Second assignment: retrieve all the data for every year for all participants in the London Marathon using the below website.
We had to collect all historical data for all participants that had the same initials as ours; my initials had to be SE, for some reason Kriebel said I could not do SM.
After searching for participants with my initials in 2018, the following URL shows up in my web browser.
I am going to focus on the last few characters of the URL: year=2018&page=1.
I can see that following the first = in the URL, 2018 is entered, so that means when I when scrape the website using Alteryx, I would have to change that to include all years since 1981.

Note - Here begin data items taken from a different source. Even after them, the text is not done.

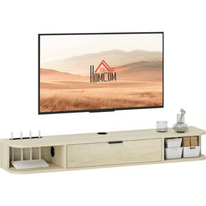 Tired of a cramped living room with tangled wires and clutter? That visual chaos can make it hard to relax and enjoy your space. The HOMCOM floating TV unit transforms your entertainment area. It lifts your setup off the ground, creating an open feel while neatly concealing cables. A discreet drawer hides controllers and open shelves keep devices ready, bringing a sense of calm and order to your home. HOMCOM 120 cm Floating TV Unit with Flip Drawer & Shelves, Natural
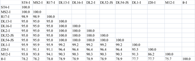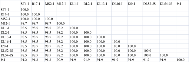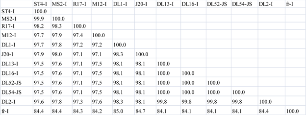 Nucleotide pairwise comparisons of full-length genomes were made between all strains within the Levivirus genome, including strains within genogroups I, JS and genogroups II. Within the nine strains of MS2-like genogroup I, full-length nucleotide sequence similarity was 91–99% [3] whereas the two JS strains, DL52 and DL54, shared 96.73% sequence similarity to each other. In comparison, the JS nucleotide sequences were more similar to MS2-like genogroup I (80–85%) than to the genogroup I strain fr (69%) or to genogroup II strains (52–54%) (Table 3 a).
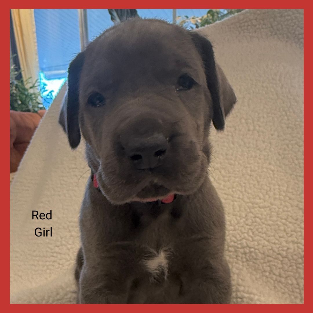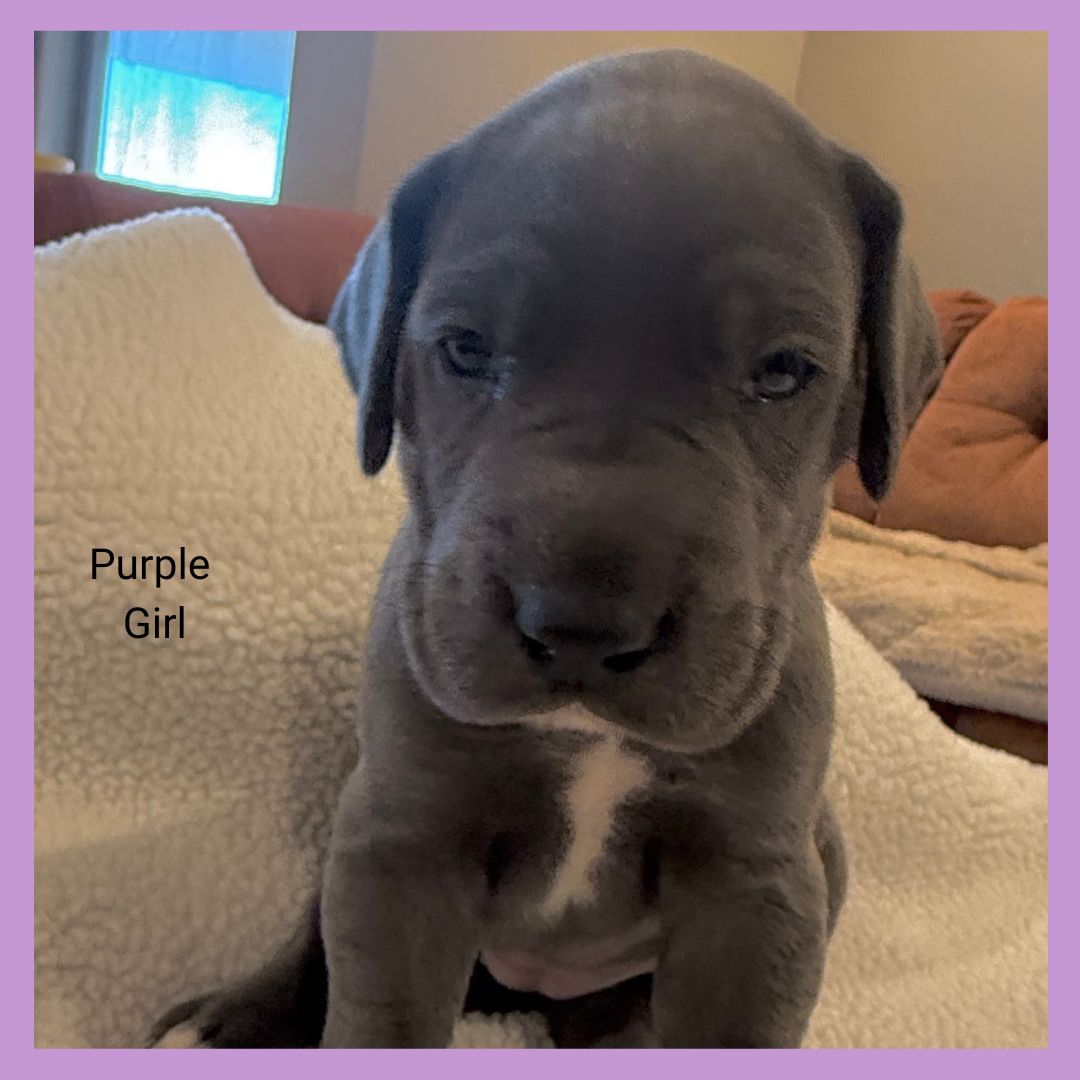 About the parents:• Dam: American Great Dane, DNA tested and clear of genetic markers for common Great Dane health issues. She has a great temperament and is an excellent mom. • Sire: European Great Dane, with a solid build and classic European look.
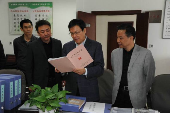 4月14日,省直机关工委常务副书记杨鑫一行莅临信息中心调研基层党建工作,省交通运输厅党组成员、副厅长、机关党委书记魏培斌以及专职副书记王毅陪同检查指导,信息中心党支部书记、主任廖军就中心党支部的发展建设情况做了详细汇报。
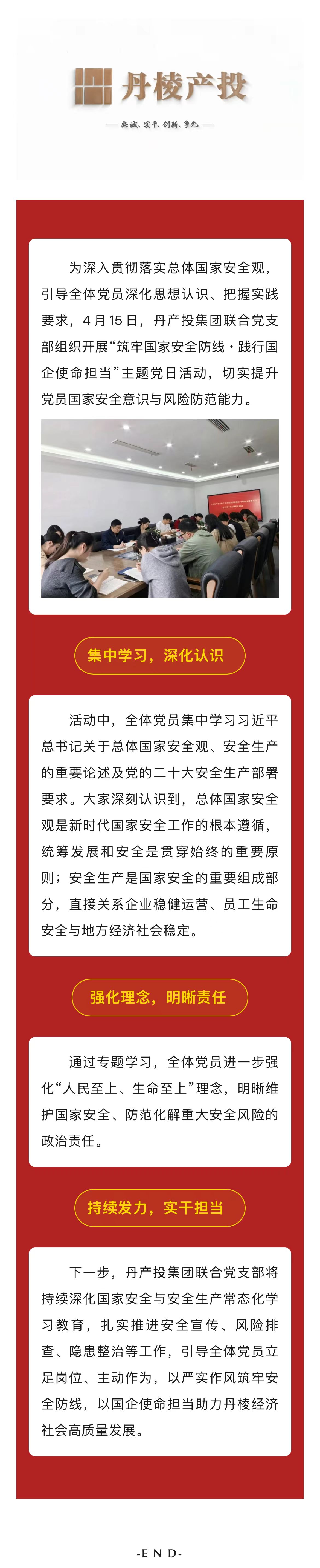 筑牢國(guó)家安全防線 踐行國(guó)企使命擔(dān)當(dāng)——丹產(chǎn)投集團(tuán)聯(lián)合黨支部4月主題黨日活動(dòng)
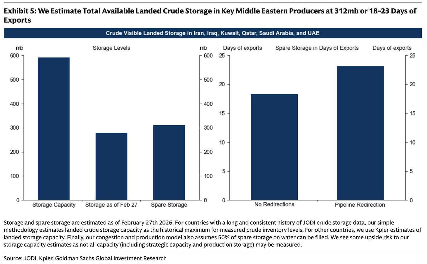 Goldman estimates that there are ~312 million bbls of capacity available. So we are still 2 weeks away from needing to shut in more production.
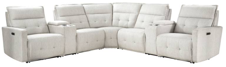 Includes Seven pieces: Power LSF reclining chair and console and power reclining armless chair and corner seat and armless chair and console and power RSF reclining chair
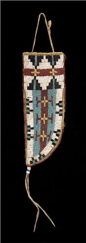Cheyenne Beaded Knife Case. 9" x 3 1/4". Fully beaded. Minor bead loss on edge. Otherwise beadwork is excellent. 19th century. (est $1,600-1,900)
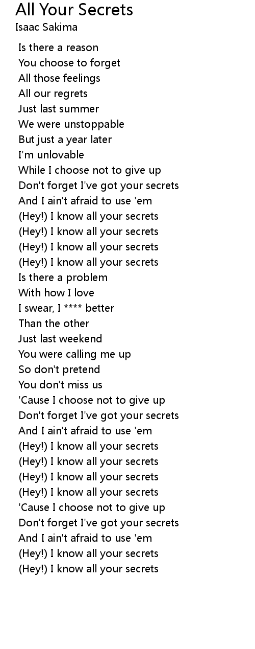 Don't forget I've got your secrets |
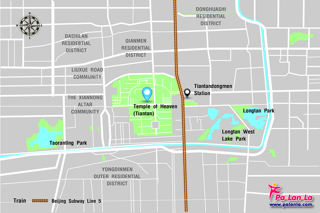 - รถไฟฟ้าใต้ดิน นักท่องเที่ยวสามารถเลือกใช้บริการรถไฟฟ้าใต้ดิน สาย 5 ซึ่งเป็นหนึ่งในเส้นทางที่ให้บริการภายในเมืองปักกิ่ง เลือกลงที่ สถานี Tiantandongmen ซึ่งอยู่ใกล้กับประตูทางเข้าด้านตะวันออกของหอสักการะฟ้าเทียนถาน ทั้งนักท่องเที่ยวสามารถตรวจสอบรายละเอียดเส้นทาง,รอบเวลาในการวิ่ง และอัตราค่าโดยสารของรถไฟใต้ดินได้ที่ https://www.bjsubway.com/en/
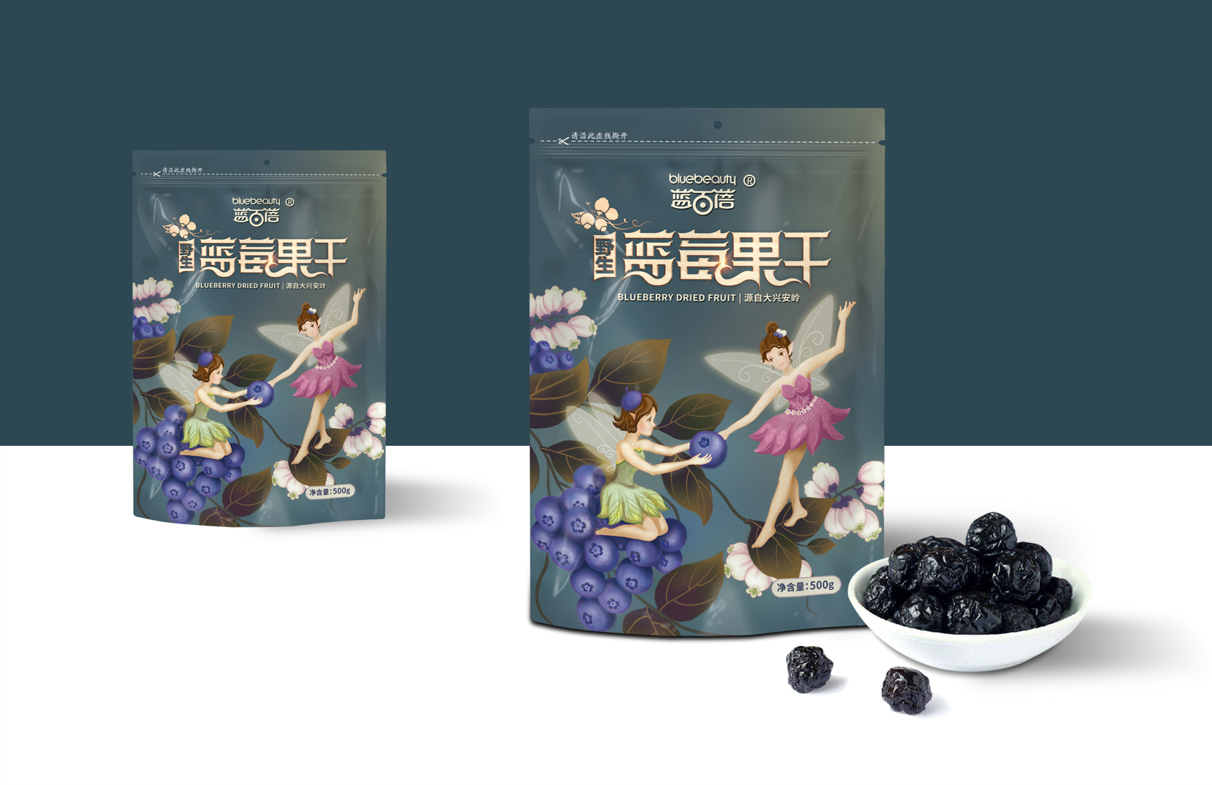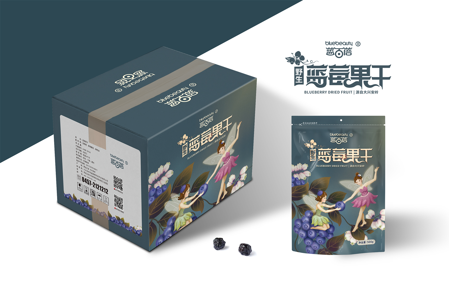 經(jīng)過繽策與企業(yè)方負(fù)責(zé)人的溝通及信息收集整理,產(chǎn)品定位主要以電商銷售為主,面向的群體也是年輕人士和熱愛藍(lán)莓的健康人士?;诶_策對市場的了解,制定出清新、簡約、特質(zhì)的包裝設(shè)計方案。配合主題的需要,副品字體也進(jìn)行了重新設(shè)計。以主題“藍(lán)莓仙子的愛”進(jìn)行創(chuàng)意插畫,并希望點亮消費者內(nèi)心喜愛的火焰。
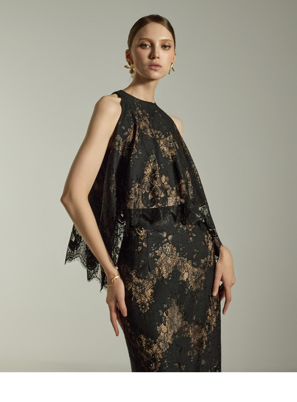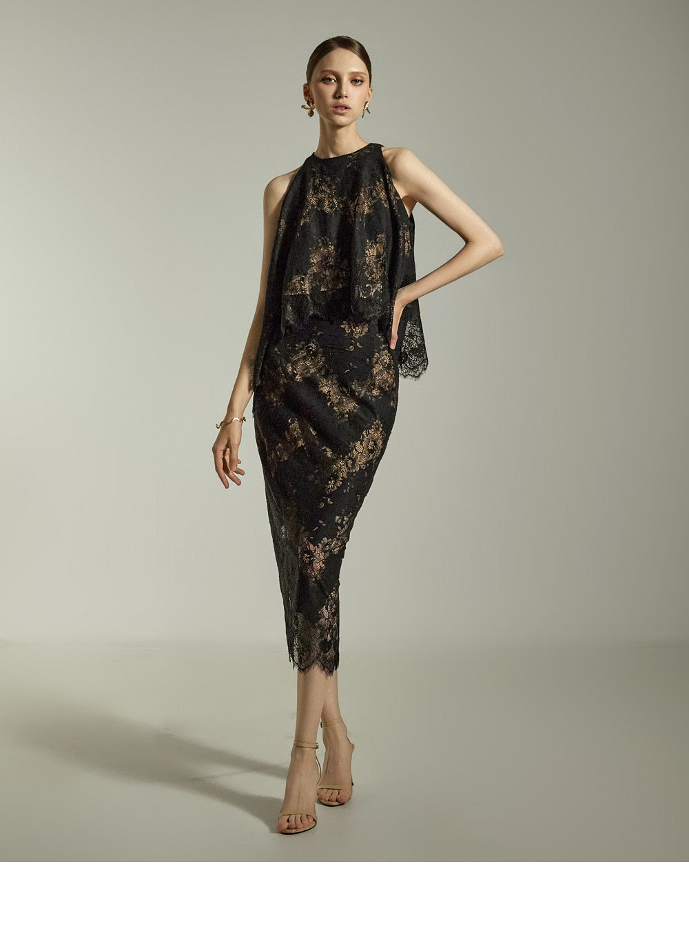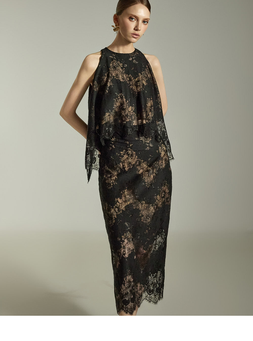 The subtle floral lace pattern on both the top and skirt creates a polished, sophisticated look.
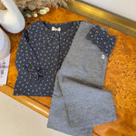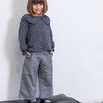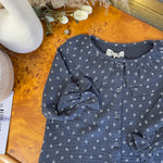 petit indi - Blusa in mussola di cotone antracite - maxi colletto e foglioline latte

After the second – in the URL, 1 is entered, which also means I will have to change that to include all the other pages when I scrape the website on Alteryx.
To do this input a Text Input tool into the Alteryx canvas and enter the URL mentioned above. Then, insert a Generate Rows tool after that. See Image 1 to see what to put in the tool. This will generate rows for one column (titled Year) and will give values of 1981 – 2018.
After that, insert another Generate Rows tool onto the workflow and see Image 2 to view what to put in the second Generate Rows tool. This will generate rows for page numbers up to 38 (random choice) for each year entry.
Add a Select tool and change the Year and Page column types to V_WString, see Image 3.
Attach a Formula tool and replace the last four string characters (i.e. 2018) with a space as shown in Image 4.
Lastly, insert another formula tool and add new a column titled ‘update’ and follow as seen in Image 5.